**WORK TASK**
A verbatim transcription of the listing below is required, without its pictures.

**RECORDED INFORMATION**
_ _ _ _
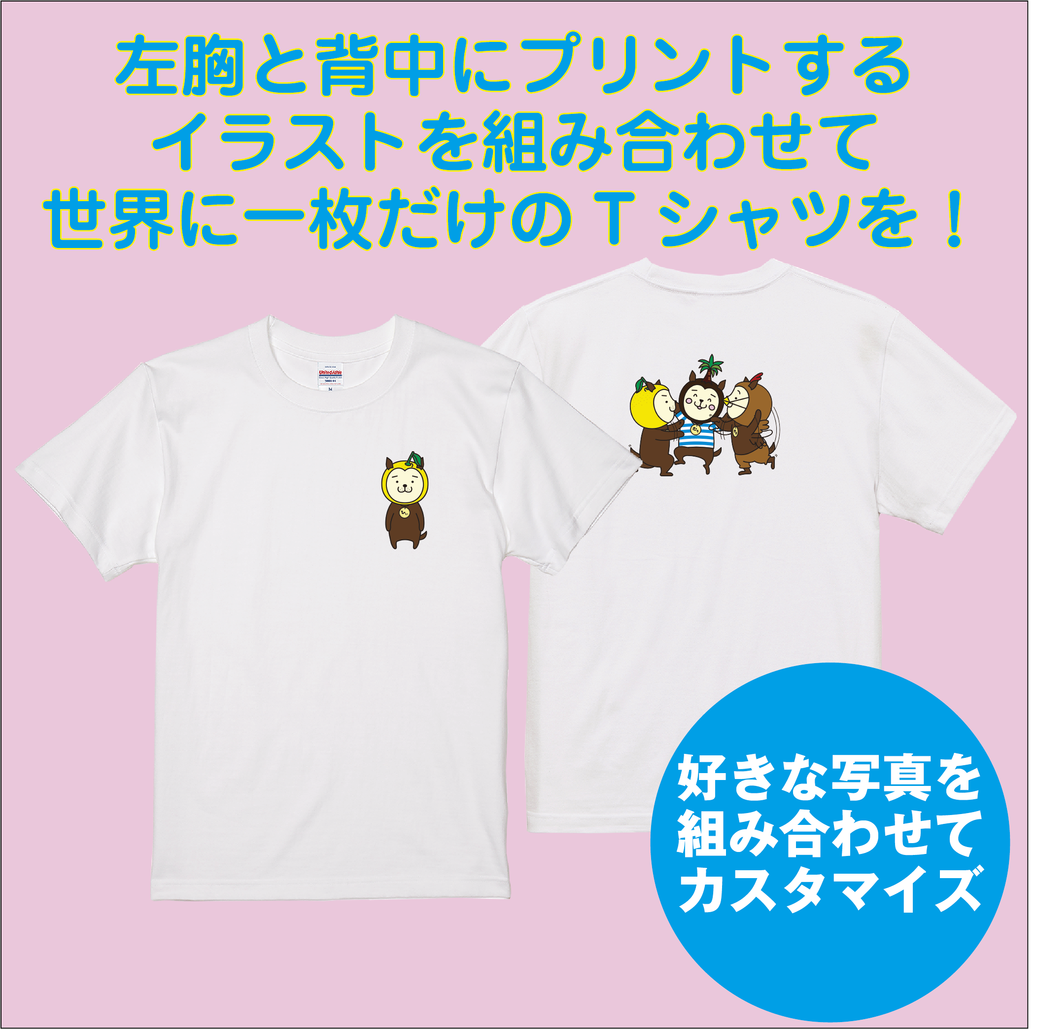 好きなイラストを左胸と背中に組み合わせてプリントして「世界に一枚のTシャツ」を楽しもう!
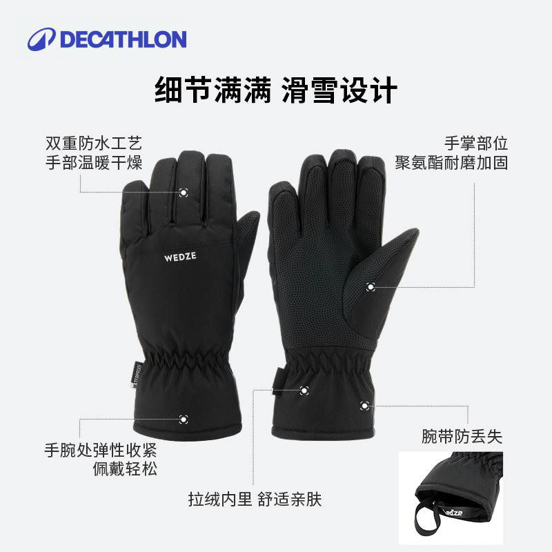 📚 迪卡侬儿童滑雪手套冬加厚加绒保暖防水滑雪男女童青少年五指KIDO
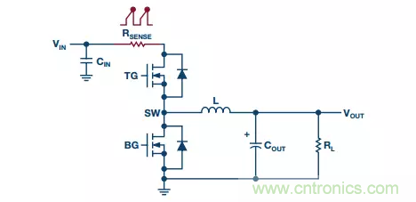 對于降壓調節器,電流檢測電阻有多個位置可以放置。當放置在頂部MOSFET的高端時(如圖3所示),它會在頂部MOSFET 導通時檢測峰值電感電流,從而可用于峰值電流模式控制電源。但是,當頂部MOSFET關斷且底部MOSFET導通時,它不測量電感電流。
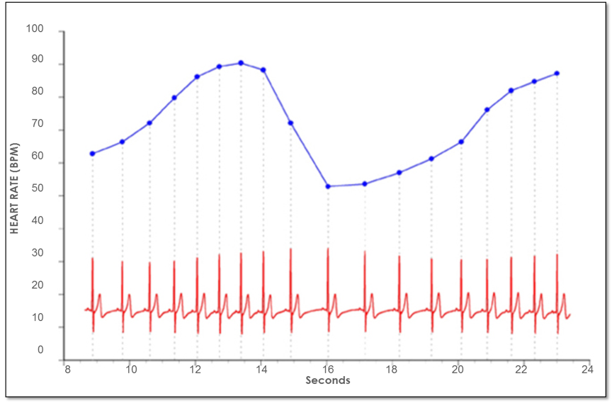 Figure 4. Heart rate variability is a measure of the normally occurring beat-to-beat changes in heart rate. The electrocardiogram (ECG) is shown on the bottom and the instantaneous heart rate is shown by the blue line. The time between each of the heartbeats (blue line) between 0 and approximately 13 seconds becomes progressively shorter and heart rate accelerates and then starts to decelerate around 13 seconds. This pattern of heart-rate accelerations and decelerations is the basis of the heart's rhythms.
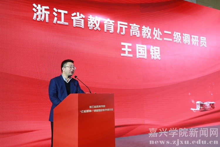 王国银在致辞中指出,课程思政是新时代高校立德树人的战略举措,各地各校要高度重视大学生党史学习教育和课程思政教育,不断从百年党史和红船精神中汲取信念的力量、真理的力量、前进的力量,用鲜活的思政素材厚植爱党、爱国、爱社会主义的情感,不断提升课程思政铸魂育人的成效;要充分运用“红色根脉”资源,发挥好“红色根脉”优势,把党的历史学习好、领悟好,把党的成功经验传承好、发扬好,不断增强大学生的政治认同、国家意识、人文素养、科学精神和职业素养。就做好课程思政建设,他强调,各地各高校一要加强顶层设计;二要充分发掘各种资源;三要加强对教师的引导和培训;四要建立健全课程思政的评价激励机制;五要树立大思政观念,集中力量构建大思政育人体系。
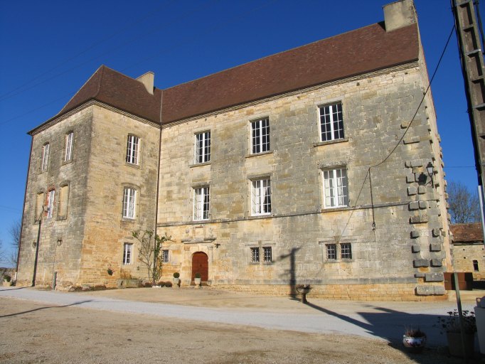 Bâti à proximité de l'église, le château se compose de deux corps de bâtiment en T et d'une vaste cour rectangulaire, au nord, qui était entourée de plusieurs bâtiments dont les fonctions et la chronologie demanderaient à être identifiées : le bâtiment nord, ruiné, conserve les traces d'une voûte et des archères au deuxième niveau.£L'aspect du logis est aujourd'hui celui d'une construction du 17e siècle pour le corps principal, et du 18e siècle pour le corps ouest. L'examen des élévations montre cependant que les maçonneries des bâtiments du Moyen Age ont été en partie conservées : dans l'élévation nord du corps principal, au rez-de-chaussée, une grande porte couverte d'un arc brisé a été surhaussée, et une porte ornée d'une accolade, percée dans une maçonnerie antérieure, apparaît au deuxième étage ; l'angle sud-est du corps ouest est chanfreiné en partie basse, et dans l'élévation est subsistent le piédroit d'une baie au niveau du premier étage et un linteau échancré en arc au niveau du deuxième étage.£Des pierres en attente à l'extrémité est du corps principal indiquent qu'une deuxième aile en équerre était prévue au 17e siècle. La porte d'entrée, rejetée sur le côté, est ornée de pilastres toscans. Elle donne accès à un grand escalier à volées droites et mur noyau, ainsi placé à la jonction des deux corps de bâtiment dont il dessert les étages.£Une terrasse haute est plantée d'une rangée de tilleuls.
_ _ _ _
**ANSWER SPACE**
 好きなイラストを左胸と背中に組み合わせてプリントして「世界に一枚のTシャツ」を楽しもう!
 📚 迪卡侬儿童滑雪手套冬加厚加绒保暖防水滑雪男女童青少年五指KIDO
 對于降壓調節器,電流檢測電阻有多個位置可以放置。當放置在頂部MOSFET的高端時(如圖3所示),它會在頂部MOSFET 導通時檢測峰值電感電流,從而可用于峰值電流模式控制電源。但是,當頂部MOSFET關斷且底部MOSFET導通時,它不測量電感電流。
 Figure 4. Heart rate variability is a measure of the normally occurring beat-to-beat changes in heart rate. The electrocardiogram (ECG) is shown on the bottom and the instantaneous heart rate is shown by the blue line. The time between each of the heartbeats (blue line) between 0 and approximately 13 seconds becomes progressively shorter and heart rate accelerates and then starts to decelerate around 13 seconds. This pattern of heart-rate accelerations and decelerations is the basis of the heart's rhythms.
 王国银在致辞中指出,课程思政是新时代高校立德树人的战略举措,各地各校要高度重视大学生党史学习教育和课程思政教育,不断从百年党史和红船精神中汲取信念的力量、真理的力量、前进的力量,用鲜活的思政素材厚植爱党、爱国、爱社会主义的情感,不断提升课程思政铸魂育人的成效;要充分运用“红色根脉”资源,发挥好“红色根脉”优势,把党的历史学习好、领悟好,把党的成功经验传承好、发扬好,不断增强大学生的政治认同、国家意识、人文素养、科学精神和职业素养。就做好课程思政建设,他强调,各地各高校一要加强顶层设计;二要充分发掘各种资源;三要加强对教师的引导和培训;四要建立健全课程思政的评价激励机制;五要树立大思政观念,集中力量构建大思政育人体系。
 Bâti à proximité de l'église, le château se compose de deux corps de bâtiment en T et d'une vaste cour rectangulaire, au nord, qui était entourée de plusieurs bâtiments dont les fonctions et la chronologie demanderaient à être identifiées : le bâtiment nord, ruiné, conserve les traces d'une voûte et des archères au deuxième niveau.£L'aspect du logis est aujourd'hui celui d'une construction du 17e siècle pour le corps principal, et du 18e siècle pour le corps ouest. L'examen des élévations montre cependant que les maçonneries des bâtiments du Moyen Age ont été en partie conservées : dans l'élévation nord du corps principal, au rez-de-chaussée, une grande porte couverte d'un arc brisé a été surhaussée, et une porte ornée d'une accolade, percée dans une maçonnerie antérieure, apparaît au deuxième étage ; l'angle sud-est du corps ouest est chanfreiné en partie basse, et dans l'élévation est subsistent le piédroit d'une baie au niveau du premier étage et un linteau échancré en arc au niveau du deuxième étage.£Des pierres en attente à l'extrémité est du corps principal indiquent qu'une deuxième aile en équerre était prévue au 17e siècle. La porte d'entrée, rejetée sur le côté, est ornée de pilastres toscans. Elle donne accès à un grand escalier à volées droites et mur noyau, ainsi placé à la jonction des deux corps de bâtiment dont il dessert les étages.£Une terrasse haute est plantée d'une rangée de tilleuls.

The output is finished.